JP5993617B2 - Synthetic leather - Google Patents

Description

The present invention relates to a synthetic leather excellent in flame retardancy and having a good elongation balance in the vertical and horizontal directions, and in particular, has a floor area of 144 sq. ft. The present invention relates to a synthetic leather suitable as an aircraft interior material of about 13.4 m ² or more.

In recent years, in the field of aircraft, from the viewpoint of fuel saving, weight reduction of an aircraft body has been studied. As a result, the interior materials used for aircraft (skin materials such as walls, ceilings, partitions, seats, etc.) are lighter in weight than the main skin, and have excellent workability, quality stability, and maintainability.
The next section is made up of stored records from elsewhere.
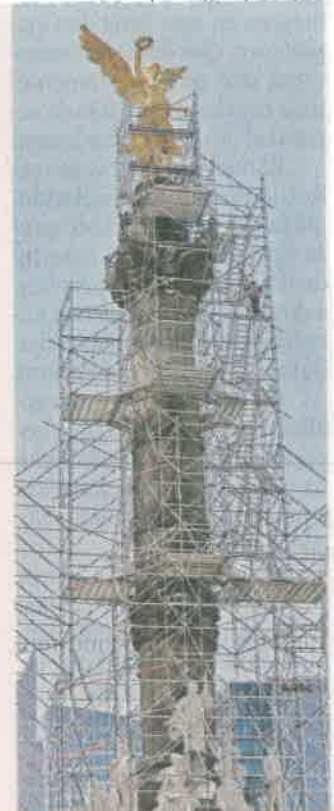
Los recursos para los arreglos aún no han sido liberados por la CDMX.
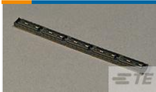
TE 产品编号 2-1658043-5 MSB0.80RC-ASY200FL,-,F,-TY
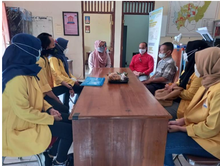
Gambar 3. Pendampingan Bumdes Untung Makmur Desa Branjang

Partisipasi mitra dalam pelaksanaan pengabdian masyarakat pelatihan pemasaran online di Desa Branjang Kecamatan Ungaran Barat Kabupaten Semarang adalah sebagai peserta program (penerima manfaat program), menyiapkan tempat pelaksanaan program, menjamin terselenggaranya kesinambungan pelaksanaan program, mulai dari penilaian sampai dengan implementasi pelatihan dan pendampingan kelompok.
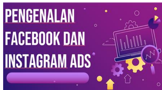
Gambar 1. Materi pada Hari Pertama tentang pengenalan Facebook dan Instagram Ads

Dalam pemaparan materi pengenalan facebook dan instagram ads . Materi yang penulis sampaikan ini sepenuhnya dibuat berdasarkan apa yang telah penulis pelajari dari webinar dan training serta hasil pengalaman penulis dalam beriklan.
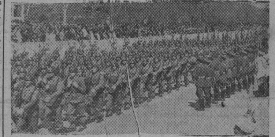
Fuerzas de Infantería en el momento de pasar ante la tribuna del Generalísimo
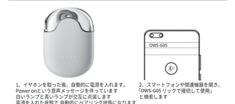
1. イヤホンを取った後、自動的に電源を入れます。Power on という音声メッセージを待っています。白いランプが青いランプが交互に点滅します。電源を入れた状態は、自動的にペアリング状態になります 2. スマートフォンや関連機器を開き、「OWS-G05 リックで接続して使用」と検索します

Demand for synthetic leather is increasing.
Such aircraft interior materials need to satisfy strict standards for combustion resistance (flame resistance) determined by the size (floor area) of the airplane and the site of use.

For example, Patent Document 1 discloses a synthetic leather having an improved flameproofing property by providing a skin layer on at least one surface of a flameproofed polyester fiber fabric with an adhesive layer containing a specific flameproofing agent. Has been proposed.
However, in the proposed synthetic leather, the floor area is 144 sq. ft. It has been difficult to obtain the flame retardancy required for the aircraft interior materials described above.

On the other hand, meta-aramid fibers are known as chemical fibers having high flame retardancy while having the same strength as polyester fibers.
However, since the filament yarn of meta-aramid fiber is hard, the synthetic leather using this as a raw fabric has a paper-like texture. It is easy to become a wrinkle. Moreover, if this synthetic leather is used as a seat skin material, the stretch balance in the vertical and horizontal directions is poor, so the chair tension is inferior, and the soft texture and volume required for the seat and back There were problems such as inferiority.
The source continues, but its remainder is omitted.